Elle roulait de nouveau très vite et quelques piétons faillirent être mis à mal.
– J'ai pensé alors que tu étais encore bien pire que je ne le croyais. Et puis, j'ai réfléchi. Si tu réagis avec tant d'agressivité à mon égard, c'est que j'ai dû me tromper quelque part. J'aurais dû t'estimer en tant qu'être humain à part entière et non parce que tu te trouves être «ma» fille. En tant qu'être humain à part entière, tu serais sans doute devenue une amie. Et puis… je te trouve extrêmement sympathique et même ta révolte me plaît. Alors, comme j'ai raté mon travail de mère, je vais m'efforcer à présent de réussir mon travail d'amie. C'est pourquoi je t'ai cherchée et c'est pourquoi je suis là.

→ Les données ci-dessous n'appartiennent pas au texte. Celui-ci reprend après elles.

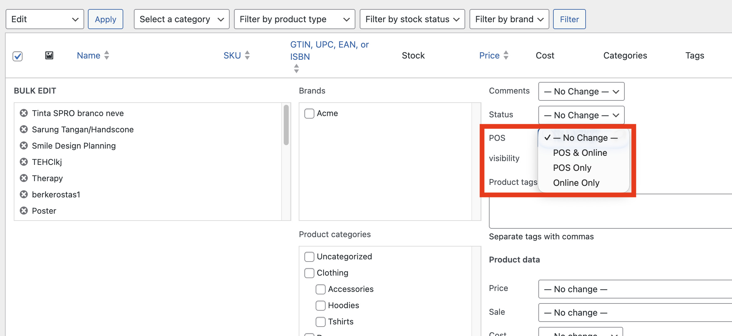 - थोक संपादन पैनल में, POS Visibility ड्रॉपडाउन खोजें

Julie n'en croyait pas ses oreilles.
– Comment m'as-tu retrouvée?
– Quand j'ai entendu tout à l'heure à la radio que tu étais en fuite dans le quartier ouest de la ville, je me suis dit que je tenais enfin ma chance de rédemption. J'ai foncé pour ratisser le coin en priant de te découvrir avant les policiers. Dieu a exaucé ma prière…

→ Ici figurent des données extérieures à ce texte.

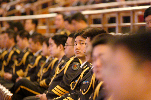 3月5日,第十一屆全國人民代表大會第一次會議在北京人民大會堂開幕。這是會議現(xiàn)場的軍樂團(tuán)在演奏間歇。
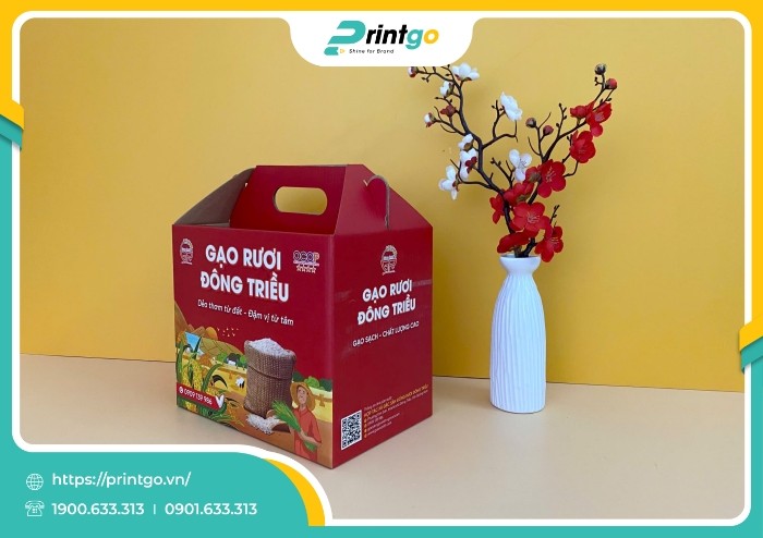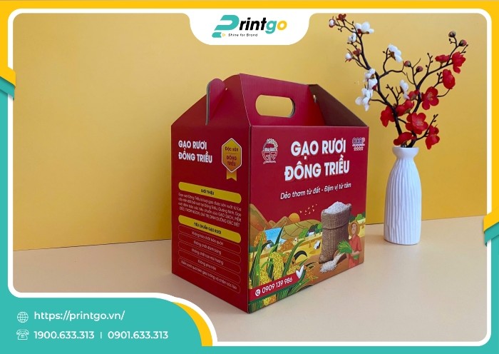 Xuất phát từ vùng đất nổi tiếng với bề dày truyền thống nông nghiệp, gạo rươi Đông Triều không chỉ là nguồn dinh dưỡng quý giá mà còn là biểu tượng của văn hóa địa phương. Thấu hiểu điều đó, Hợp tác xã Đặc sản Đồng rươi Đông Triều đã hợp tác cùng Printgo để tạo ra một diện mạo chuyên nghiệp, ấn tượng, khẳng định vị thế của thương hiệu trên bản đồ nông sản Việt Nam. Dự án in hộp sóng quai xách đựng gạo rươi Đông Triều PG-HG24-84 không chỉ mang tính thẩm mỹ, thân thiện với người tiêu dùng mà còn góp phần lan tỏa bản sắc độc đáo của địa phương.

Elle esquissa rapidement un signe religieux.
– Tu peux nous abriter à la maison? demanda Julie.
Ils arrivèrent devant un barrage. Décidément, les policiers voulaient les coincer.
– Faites demi-tour, conseilla David.
Mais la mère était trop lancée. Elle préféra accélérer et bousculer le barrage pour passer. Des policiers sautèrent vivement en arrière pour éviter le bolide.
Derrière eux, de nouveau, des sirènes retentissaient.
– Ils sont à nos trousses, dit la mère, et ils ont sûrement déjà relevé le numéro de la plaque d'immatriculation. Ils savent que c'est moi qui suis venue à votre secours. Dans deux minutes, les flics seront à la maison.
La mère s'engouffra dans une rue en sens interdit. Elle fit une embardée, tourna brusquement dans une voie perpendiculaire, arrêta le moteur et attendit que les voitures de police défilent devant eux pour rebrousser chemin.
– Je ne peux plus vous cacher chez moi. Il faut que vous vous planquiez là où les flics ne vous trouveront pas.
La mère avait opté pour une direction précise. L'ouest. Une forme verte, une autre encore. Des arbres s'alignaient comme une armée grandissante au fur et à mesure qu'ils en approchaient.